Genome–wide background prevalence of rare and deleterious variants. All coding variants observed in the 1000G were classified as pathogenic or benign on the basis of stringent filtering criteria (maximum ancestry–specific EVS MAF<0.1%, 1000G MAF<5%, and loss of function or nonsynonymous and passing the two of three functional filter). Then, for each gene, the resulting background prevalence of predicted pathogenic mutations is calculated. A background prevalence of 1% for a given gene indicates that 1% of subjects in the 1000G carry a rare and deleterious variant in this gene. Subsets of genes (Concise Methods) and inheritance models considered are represented on the horizontal axis.
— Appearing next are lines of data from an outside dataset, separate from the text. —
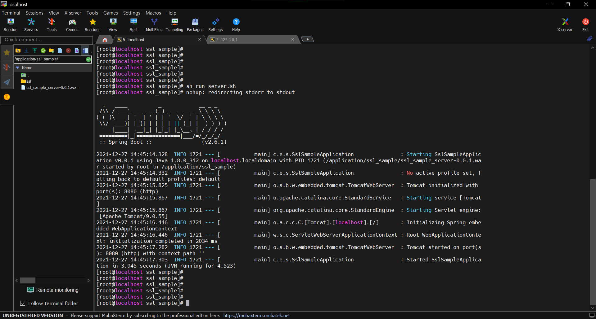 생성된 war파일을 리눅스 서버 /application/ssl_sample 경로에 업로드 (mobaXterm이 파일 업로드 기능을 가지고 있음)
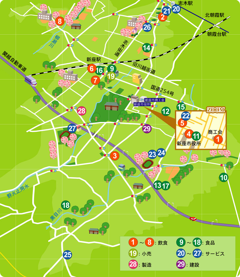 逸品マップ・番号をクリックしてお店の案内ページへ
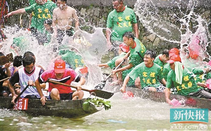 “洗过龙舟水,一年顺风又顺水。”唛哥说,扒龙舟时,最热闹的是泼龙舟水、游龙舟水、浸龙舟水,因为龙舟寓意吉祥,人们认为龙舟水是“大吉水”。
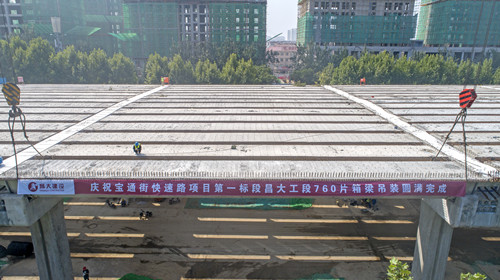 集團(tuán)承建寶通街快速路項(xiàng)目順利進(jìn)入全新節(jié)點(diǎn)——高架箱梁吊裝全部完成
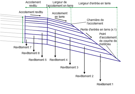| Pente d'entrée en terre | Ligne de profil en long qui définit l'altitude du point de l'accotement de la couche de forme. Les types d'objet suivants peuvent être utilisés comme cibles pour indiquer l'altitude : lignes de profil, polylignes 3D, lignes caractéristiques du terrain ou figures de topographie. | Facultatif |

Bars depict the proportions of genes within a gene set having background prevalence of predicted pathogenic variation within specific ranges. hOMIM, hand curated Online Mendelian Inheritance in Man; MAF, minor allele frequency.
Discussion
The growing efforts to perform genetic screening in patients with NS are motivated by reports of the clinical significance of deriving a diagnosis of monogenic NS.16 Many of the studies that have shaped the current understanding of monogenic NS were performed in a limited number of genes in patients who, in various ways, were selected for a higher prevalence of monogenic NS. This includes those with steroid resistance, those with congenital or infantile onset, those with familial disease, and those from regions in which there was an elevated degree of consanguinity.48,49 Now, in this genomic era, increasingly diverse populations of affected patients (both demographically and clinically) are undergoing genetic screening of an expanded number of previously implicated NS genes. Given the potential influence on clinical decision making of making this diagnosis, there was motivation to discover whether previous findings about monogenic NS were generalizable in a clinically familiar scenario, namely sporadically affected North American patients with family data that are absent.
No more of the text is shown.